The DA is happy that the ANC-led government has finally recognised that we are in the midst of a major energy crisis, as expressed by the President in his state of the nation address. It's one thing admitting that we are in a crisis, but it is quite another to implement the sustainable solutions that would get us out of it.
As Einstein once said, you cannot solve a problem with the same level of thinking that created it. Unfortunately, that is precisely what I see happening in this instance. So, before we talk about solutions, let us first analyse the kind of ANC thinking that contributed to this crisis in the first place.
I have heard a great deal said about the NDP in these Budget Votes, but the manner in which the ANC dealt with the first NDP for the energy sector, namely the energy White Paper of 1998, gives us an indication of where things started to go wrong. This White Paper accurately predicted that we would experience blackouts in 2006 if new energy generation was not brought on stream. In order to create the conditions conducive for this to happen though, the White Paper strongly argued for Eskom's monopoly dominance to be broken through the introduction of a transmission systems operator that would take the transmission grid out of Eskom and place it in a separate independent entity. That was 15 years ago.
The ANC chose to ignore that part of the White Paper, just like it is conveniently ignoring those aspects of the NDP that do not fit snugly with its old outdated ideological thinking. Instead, the ANC-led government prevented Eskom from building any new generating plants while simultaneously refusing to reform the electricity sector in a way that would make it conducive for the private sector to enter this monopolistic market.

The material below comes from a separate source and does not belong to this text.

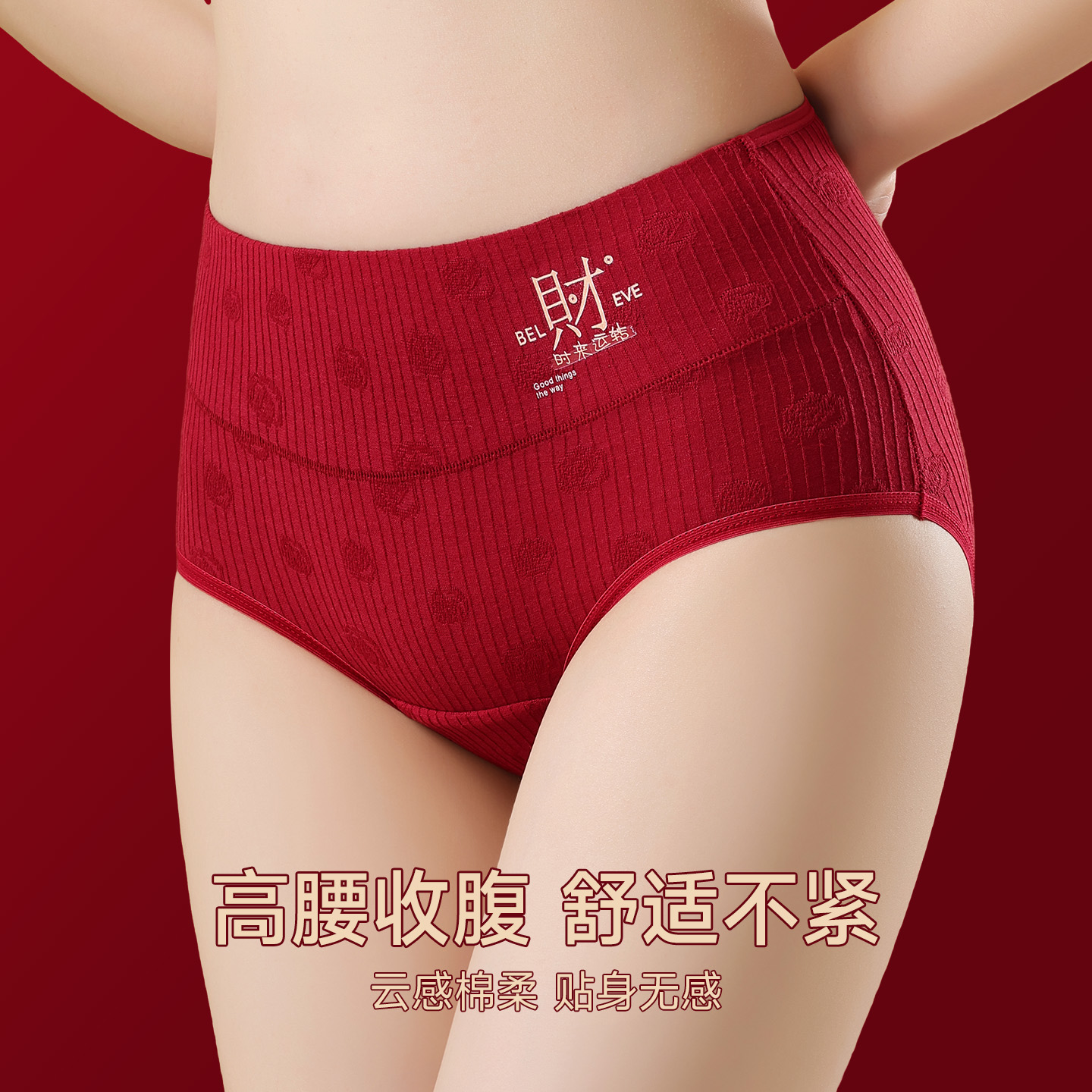 本命年结婚女士三角短裤 纯棉高腰收腹大码 女2025新款 芬腾红色内裤

This illogical approach by the ANC predictably led to the blackouts, which started in 2006, ushering in an electricity crisis that we are continuing to suffer until this day.
Over the past fifteen years, all we have seen from the ANC is what could best be described as a Rocky Horror time warp dance:
It's just a jump to the left And then a step to the right With your hands on your hips You bring your knees in tight
It all looks very impressive until you realise that we have just been dancing in the same spot for the past fifteen years, while the energy sector has fallen apart around us ... I will not take a question. It is a time warp, indeed.